New research in quantum physics, neurobiology, and brain functioning point to the remarkable power that our thoughts have on the body. But it’s not only on the body; it’s on our lives. The contents of our minds have a remarkable influence on what we experience physically.

Here’s a simple example: Imagine you’re sucking on a lemon. You’ve cut open a lemon in quarters and you’ve grabbed one of those quarters and placed it up to your mouth. You’re sucking on it now and you can feel the tartness, the sharp way that lemons taste. Most people who really imagine this in detail will feel their taste buds begin to salivate. They will notice the changes going on in their mouths simply by imagining a lemon in their mouth.

This is a simply example to prove the relationship between the mind and the body. Now imagine having thoughts like, “I can stay sober!” versus thoughts like, “This is never going to happen.” These experiences of the mind also have an influence on our physical experience. Well, you might say that imagining something is stronger than simply thinking about it. Or you might say, but it’s easy for my mouth to salivate because I know what it’s like to have a lemon in my mouth – I’ve done that before. Being sober, on the other hand, feels impossible.

The truth is, no matter the content you have in your mind, it’s having an effect on your physical experience. It’s going to affect your feelings, behavior, choices, and experiences. What you have in your mind, your internal life, is going to have an effect on your external life as well. In fact, you’re doing this right now. Although it’s easy to dismiss thoughts as being harmless words that float through your mind, they are much more powerful than they appear.

Here’s a story that might further point to the power of the mind. A gentleman by the name of Dr. Joe Dispenza was traveling on a bicycle at the age of 23. He had a very severe accident leading to possible paralysis, if he did not undergo an extensive surgery that would essentially clamp certain parts of his spine together. The surgery, he was told, would at least give him the opportunity to walk again. Without it, he would surely be paralyzed from the waist down.

Remarkably, Dispenza chose to heal himself and not do the surgery. As a young chiropractor with a new and growing practice in Southern California, he had great confidence in his body’s ability to heal. At the same time, he also knew that the contents of his mind could play the most significant role in his healing. And so he spend two hours per day imagining his body healed. He focused in detail upon his body’s wellness, the structure of the spine, and his ability to walk. He used the power of his focus, will, and intention to heal himself, and he did.

Certainly, getting sober also means getting healthy in your thoughts. As a result, feelings and behavior will also change. Fortunately, there are some therapies that already recognize the value of changing thoughts in order to change one’s life. This is the premise for a very effective therapy used to treat depression, anxiety, and other mental illnesses, known as Cognitive Behavioral Therapy. It essentially aims to change behavior by identifying negative and distorted thinking patterns. This successful form of therapy emphasizes the link between thoughts, feelings, and behavior, and more importantly, it attempts to identify the way that certain thoughts contribute to the unique problems of an individual’s life. By changing the thought pattern, both feelings and behavior change, which can result in a transformed life. And in the case of addiction, it can lead to living free and clear of an addiction – living sober.

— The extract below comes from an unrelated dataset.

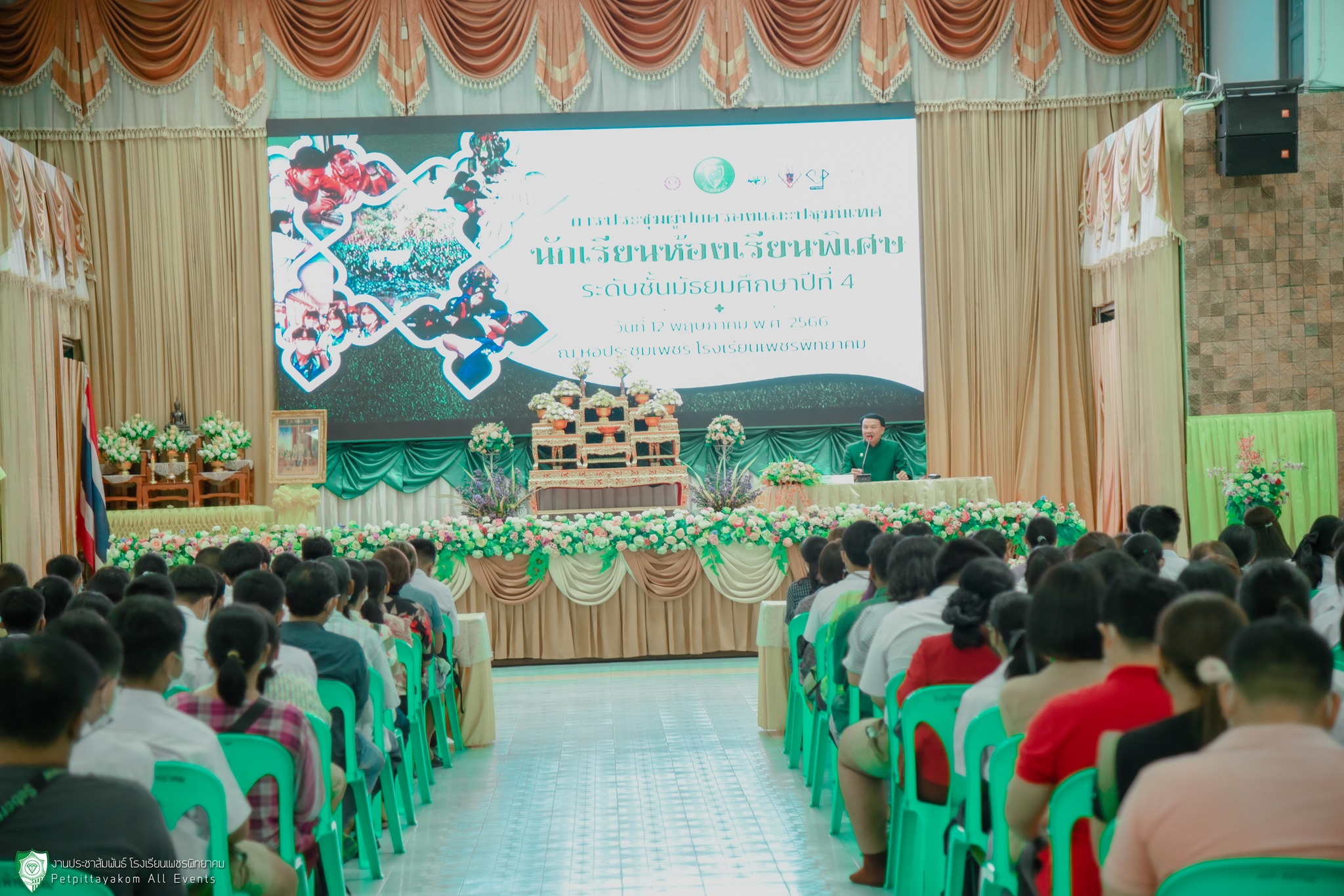 12 พฤษภาคม 2566 โรงเรียนเพชรพิทยาคมจัดกิจกรรมปฐมนิเทศนักเรียน ระดับชั้นมัธยมศึกษาปีที่ 4 ประเภทห้องเรียนพิเศษวิทยาศาสตร์คณิตศาสตร์ เทคโนโลยีและสิ่งแวดล้อม (สสวท.) ห้องเรียนพิเศษวิทยาศาสตร์ คณิตศาสตร์ ห้องเรียนพิเศษ IEP ห้องเรียนพิเศษ ICP ห้องเรียนโครงการวิทยาศาสตร์พลังสิบ และห้องเรียนคุณภาพ ประจำปีการศึกษา 2566โดยมีนายวิเศษ ปิ่นพิทักษ์ ผู้อำนวยการโรงเรียนเป็นประธานในพิธี พร้อมด้วยรองผู้อำนวยการ ฝ่ายบริหาร คณะครู และนักเรียนเข้าร่วมพิธี

In addition to Cognitive Behavioral Therapy, which you can do with a qualified mental health professional, you can also learn to become sharply aware of the thoughts in your mind. Doing so, along with changing those thoughts that are negative or harmful, can slowly create a new life. Furthermore, you can imagine your life with 10 years sober, just as you imagined the lemon. These techniques can slowly stitch together a new fabric of being – sober, happy, and healthy.